- WORKING DATA

════════════════════

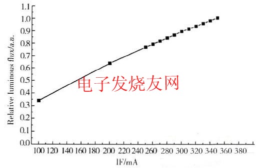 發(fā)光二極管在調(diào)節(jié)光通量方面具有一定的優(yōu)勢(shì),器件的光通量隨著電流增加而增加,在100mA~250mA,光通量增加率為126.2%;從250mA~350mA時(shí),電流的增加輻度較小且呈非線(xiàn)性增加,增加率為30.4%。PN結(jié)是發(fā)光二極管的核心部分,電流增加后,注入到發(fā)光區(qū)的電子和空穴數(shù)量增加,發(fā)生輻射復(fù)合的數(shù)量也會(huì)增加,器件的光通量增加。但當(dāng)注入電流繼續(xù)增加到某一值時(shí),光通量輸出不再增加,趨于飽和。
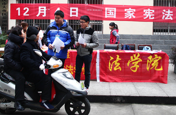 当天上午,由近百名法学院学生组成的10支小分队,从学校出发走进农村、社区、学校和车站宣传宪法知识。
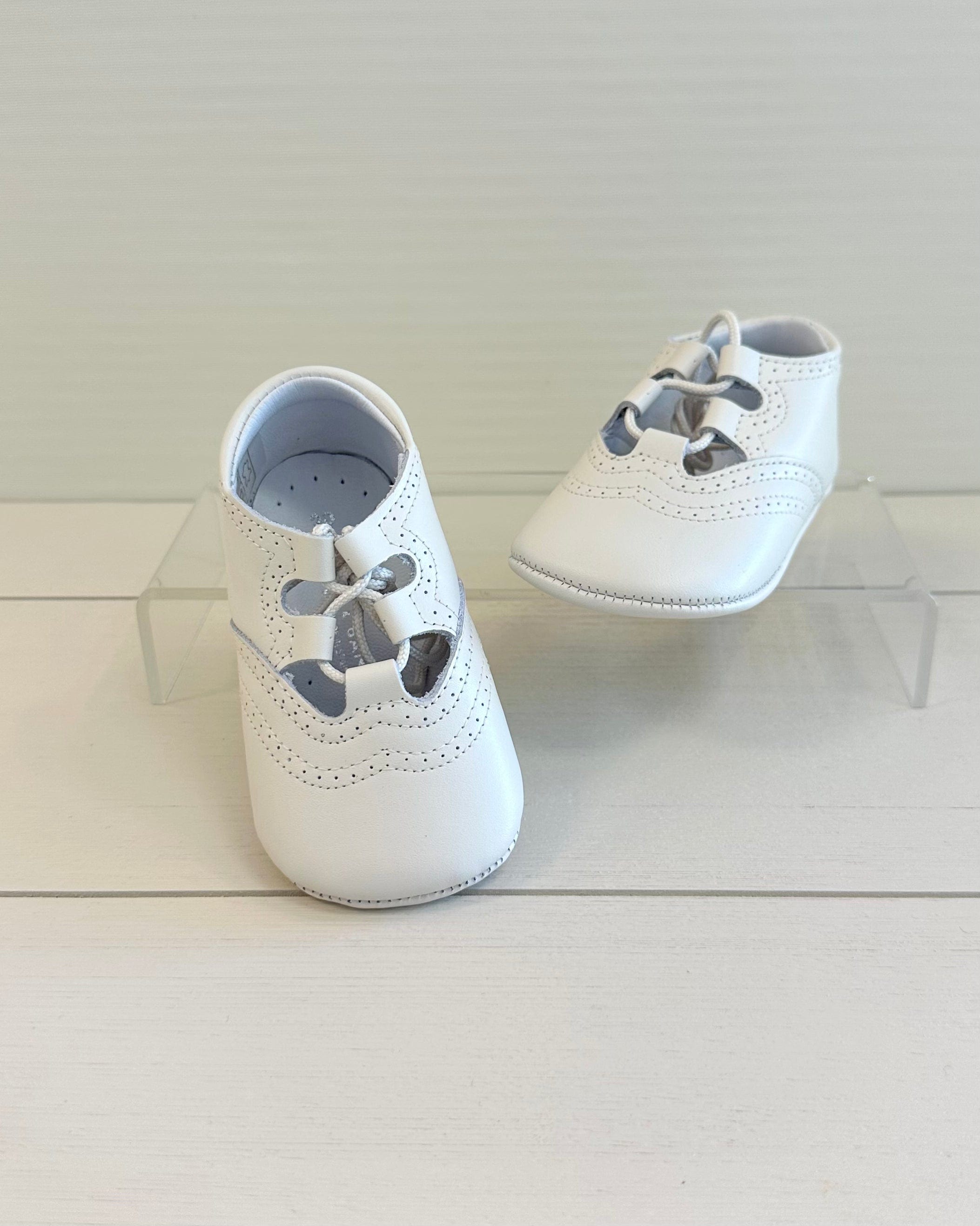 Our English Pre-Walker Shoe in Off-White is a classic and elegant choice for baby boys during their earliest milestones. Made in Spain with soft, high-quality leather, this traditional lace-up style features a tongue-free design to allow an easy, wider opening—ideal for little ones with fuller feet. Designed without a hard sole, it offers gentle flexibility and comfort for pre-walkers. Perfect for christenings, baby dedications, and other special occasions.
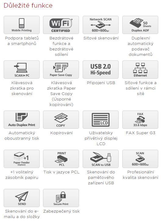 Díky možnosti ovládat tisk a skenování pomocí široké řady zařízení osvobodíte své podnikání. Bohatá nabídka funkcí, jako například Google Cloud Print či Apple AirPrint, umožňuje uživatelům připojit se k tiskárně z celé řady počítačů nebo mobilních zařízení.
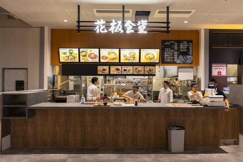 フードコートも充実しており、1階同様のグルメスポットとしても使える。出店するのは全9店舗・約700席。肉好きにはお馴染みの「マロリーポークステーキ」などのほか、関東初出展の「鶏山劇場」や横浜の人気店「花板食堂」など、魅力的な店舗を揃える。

════════════════════

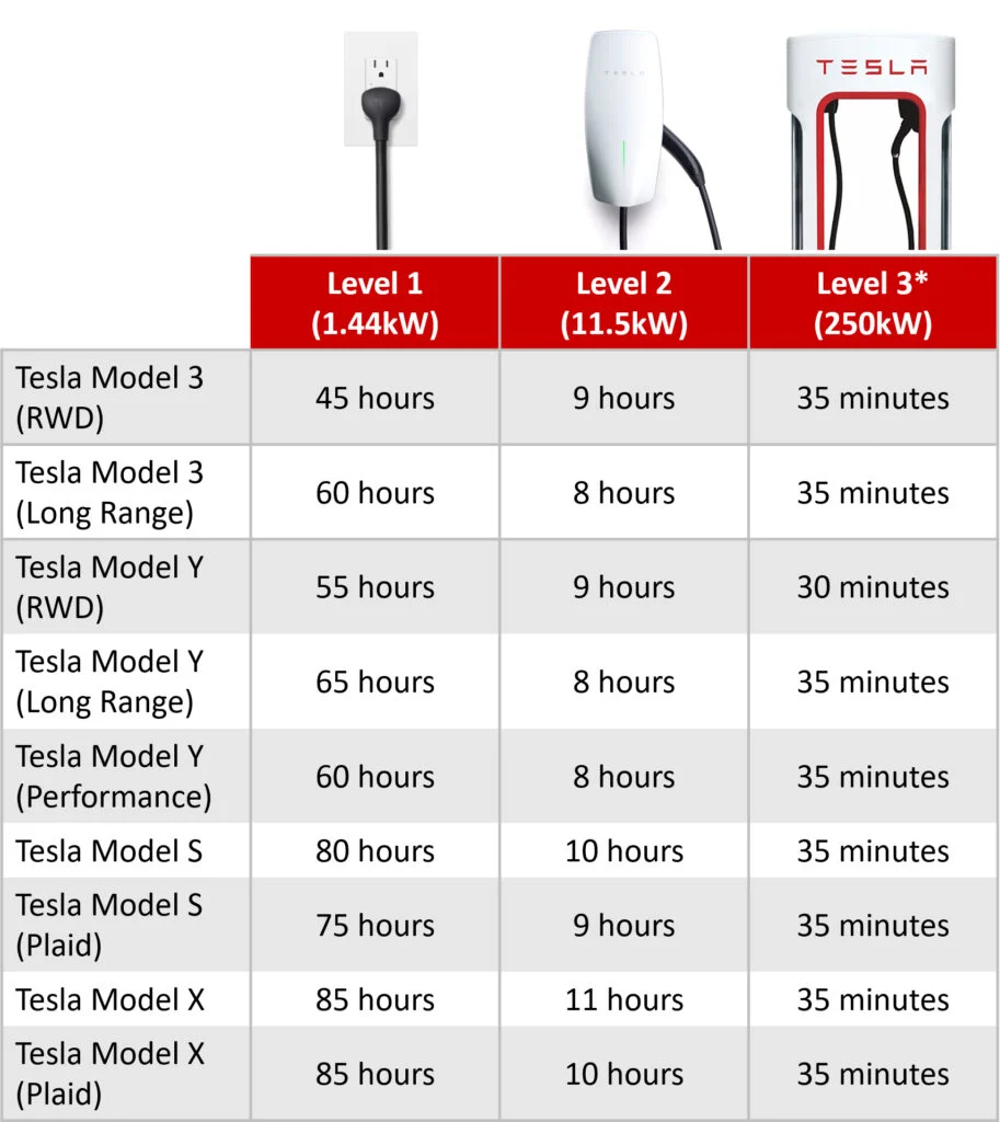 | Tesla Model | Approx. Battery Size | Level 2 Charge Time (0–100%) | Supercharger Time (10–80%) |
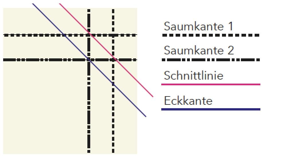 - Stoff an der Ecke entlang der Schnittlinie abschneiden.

════════════════════

- WHAT TO DO
Set down, exactly as written above, each line from the one with "發(fā)光二極管在調(di" through the one with "Our English Pre-Walker", and skip the pictures.

- WRITTEN ANSWER
 發(fā)光二極管在調(diào)節(jié)光通量方面具有一定的優(yōu)勢(shì),器件的光通量隨著電流增加而增加,在100mA~250mA,光通量增加率為126.2%;從250mA~350mA時(shí),電流的增加輻度較小且呈非線(xiàn)性增加,增加率為30.4%。PN結(jié)是發(fā)光二極管的核心部分,電流增加后,注入到發(fā)光區(qū)的電子和空穴數(shù)量增加,發(fā)生輻射復(fù)合的數(shù)量也會(huì)增加,器件的光通量增加。但當(dāng)注入電流繼續(xù)增加到某一值時(shí),光通量輸出不再增加,趨于飽和。
 当天上午,由近百名法学院学生组成的10支小分队,从学校出发走进农村、社区、学校和车站宣传宪法知识。
 Our English Pre-Walker Shoe in Off-White is a classic and elegant choice for baby boys during their earliest milestones. Made in Spain with soft, high-quality leather, this traditional lace-up style features a tongue-free design to allow an easy, wider opening—ideal for little ones with fuller feet. Designed without a hard sole, it offers gentle flexibility and comfort for pre-walkers. Perfect for christenings, baby dedications, and other special occasions.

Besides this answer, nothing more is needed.